## PROBLEM DESCRIPTION
All records below should be repeated exactly, with the pictures left out.

Stored entries
____________________
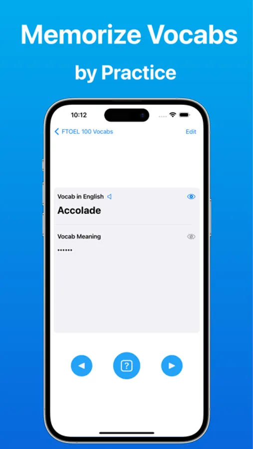 - Hide and show the meaning of the vocab, or the vocab itself while testing
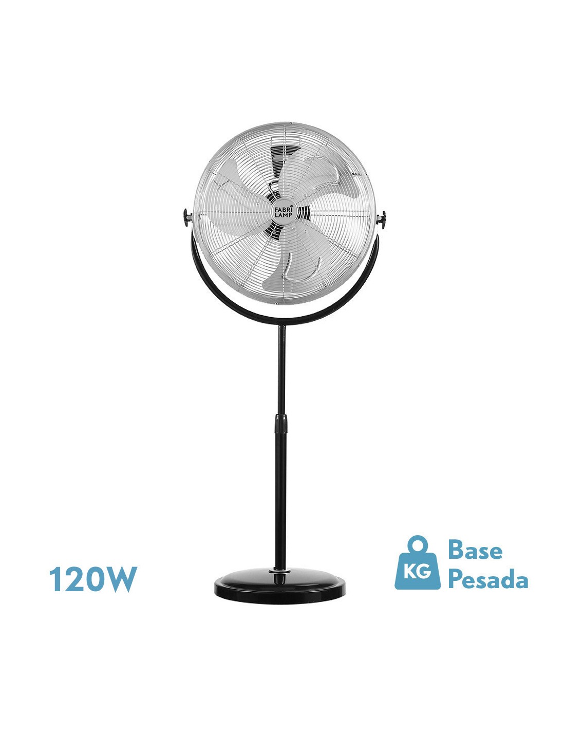 Ventilador de pie TRASCIAS realizado en metal, aluminio y policarbonato, de color NEGRO con tres aspas de color PLATA y tres velocidades. Motor AC. Cabezal orientable. Tiene una potencia de 120 watios. Presenta una medida regulable en altura de 120<155X55X55 centímetros.
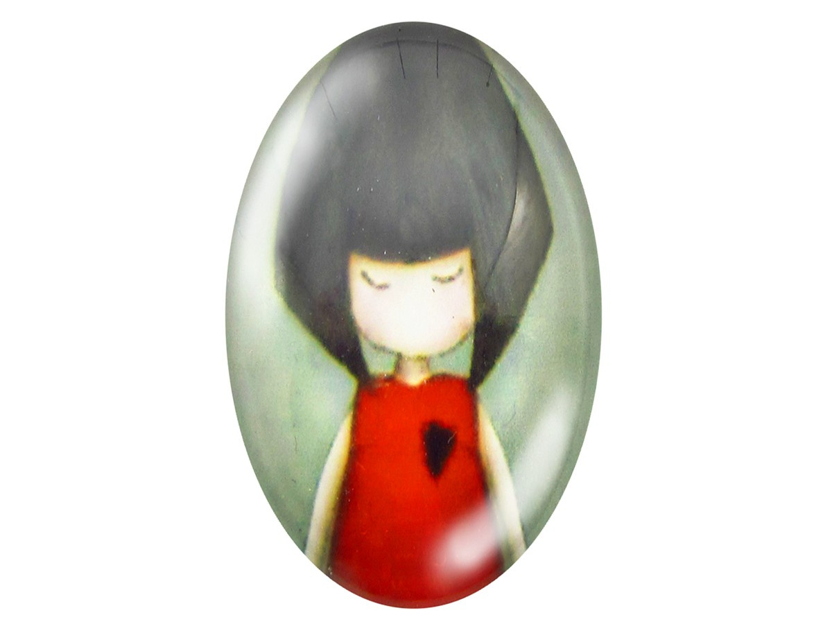 Kaboszony szklane z grafiką, owal 18x25mm PT1492 / czerwono-czarny / 2szt
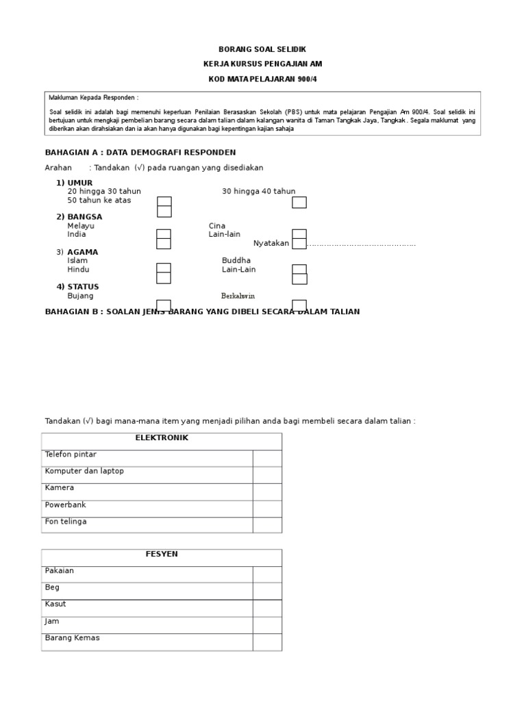 Related : Contoh Soalan Soal Selidik Pengajian Am - Borang Soal Selidik Pa Borang Soal Selidik Kerja Kursus Pengajian Am Kod Mata Pelajaran 900 4 Makluman Kepada Responden Soal Selidik Ini Adalah Bagi Course Hero : Download borang soal selidik (pengajian am)..
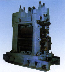| 一.用途 用于將4",6",8"10"鋼錠軋成各種規(guī)格的鋼坯或型材. 二.設(shè)備組成 由主電機(jī).主減速機(jī).人字齒輪機(jī)座和一架或幾架軋機(jī)組成.(下列軋機(jī)是安裝于軋鋼車間中的主機(jī)列.本廠還可以根據(jù)用戶需要配套推鋼機(jī).移鋼機(jī).輥道.升降臺.冷床.剪斷機(jī)等各種輔助設(shè)備.) |
____________________
## RESPONSE TO THE EXERCISE
 - Hide and show the meaning of the vocab, or the vocab itself while testing
 Ventilador de pie TRASCIAS realizado en metal, aluminio y policarbonato, de color NEGRO con tres aspas de color PLATA y tres velocidades. Motor AC. Cabezal orientable. Tiene una potencia de 120 watios. Presenta una medida regulable en altura de 120<155X55X55 centímetros.
 Kaboszony szklane z grafiką, owal 18x25mm PT1492 / czerwono-czarny / 2szt
 Related : Contoh Soalan Soal Selidik Pengajian Am - Borang Soal Selidik Pa Borang Soal Selidik Kerja Kursus Pengajian Am Kod Mata Pelajaran 900 4 Makluman Kepada Responden Soal Selidik Ini Adalah Bagi Course Hero : Download borang soal selidik (pengajian am)..
| 一.用途 用于將4",6",8"10"鋼錠軋成各種規(guī)格的鋼坯或型材. 二.設(shè)備組成 由主電機(jī).主減速機(jī).人字齒輪機(jī)座和一架或幾架軋機(jī)組成.(下列軋機(jī)是安裝于軋鋼車間中的主機(jī)列.本廠還可以根據(jù)用戶需要配套推鋼機(jī).移鋼機(jī).輥道.升降臺.冷床.剪斷機(jī)等各種輔助設(shè)備.) |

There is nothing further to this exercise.